Tuesday, April 5, 2011

Words of the day: pith, gist

I started wondering about the word pith yesterday, which I associate with essences and concision. I’m suprised to discover that the word comes to us from plant life:


I think I should have known that. I think I should have also known that a pith helmet is made of the stuff.
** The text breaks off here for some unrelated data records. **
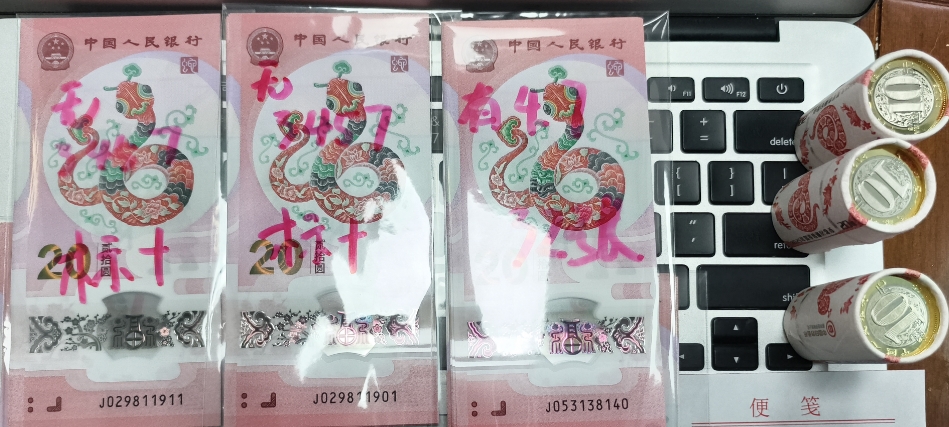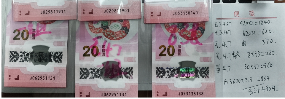 → 出蛇钞2组无3457,1组无347,1组无47散张40币3卷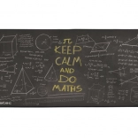 Podložka se pyšní unikátní grafikou, která napodobuje školní tabuli zobrazující matematické vzorce, geometrické tvary a obsahující vtipný nápis "Keep Calm and Do Maths", což je ideální pro každého studenta.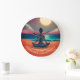 Peaceful Yoga Meditation Moonlight Sky Ocean Beach Large Clock

Pith made me wonder about gist: does it too have a literal referent in nature? Maybe in geology? Nope:


I remember hearing the word gist often in kidhood. “I’ll give you the gist of it,” my dad would say. (He still does.) Gist and pith go together in my mind because of a sentence in Ezra Pound’s ABC of Reading (1934):
A Japanese student in America, on being asked the difference between prose and poetry, said: Poetry consists of gists and piths.
This post too.

[Definitions from the New Oxford American Dictionary.]

comments: 9

Rachel said...

I could have told you about pith, which I think I learned from summers watching The Food Network :)

Matt said...

I remember learing the word "pith" in secondary school (high school) 20 odd years ago. It was Home Ec, and we were peeling oranges. Once the teacher said the word, us schoolboys were giggling like, well, schoolboys, because it sounds like a swear word said with a lisp! I know, juvenile.

Michael Leddy said...

Rachel, I wish I had thought to ask you.

Matt, I must admit that the pun crossed my mind while writing the post.

Elaine said...

Didn't you have to pith a frog in biology class? And what about being a Scout? Pith makes good tinder! (This pith being the dry pulpy center of stalks, that is.) I'm betting you did know the word, just forgot it was on file...

Michael Leddy said...

We worked with fetal pigs only. And no, no Scouting in my background. Honest, I think I’ve known pith only in its figurative sense.

stefan said...

Sorry to pile on, Michael, but you must have forgotten Elizabeth Barrett Browning's "A Musical Instrument:"

He cut it short, did the great god Pan
(How tall it stood in the river!),
Then drew the pith, like the heart of a man,
Steadily from the outside ring,
And notched the poor dry empty thing
In holes, as he sat by the river.

But thanks for the fun post (and for giving us all a chance to tease you!).

Michael Leddy said...

Oh, yes, of course, an oversight on my part. [Reaches furtively for Norton Anthology of Poetry.]

Elaine said...

I had a fetal pig in college...dubbed Theophilus (because he was the awfulest piggie-wig...and heart-breakingly, he DID have three little hairs on his chinny-chin-chin.)

HS bio in 1962 was very lab-heavy, with (enormous) earthworm, (gigantic) grasshopper, starfish, perch, frog...and the frog we got was FULL of eggs. Since I had helped my granddad clean the chickens we killed, I had no real qualms about a few cold-blooded lifeforms. By the time my kids took biology, though, the cost and liability issues meant no dissection whatever. Sheesh.

Michael Leddy said...

How curious that the comments here have ended up looking ahead to the next post, with pigs and rivers.

I guess that dissection, like cars with AM-only radios, might now be a marker of age. The dissection scene in my high school was a little too much like something from Lord of the Flies.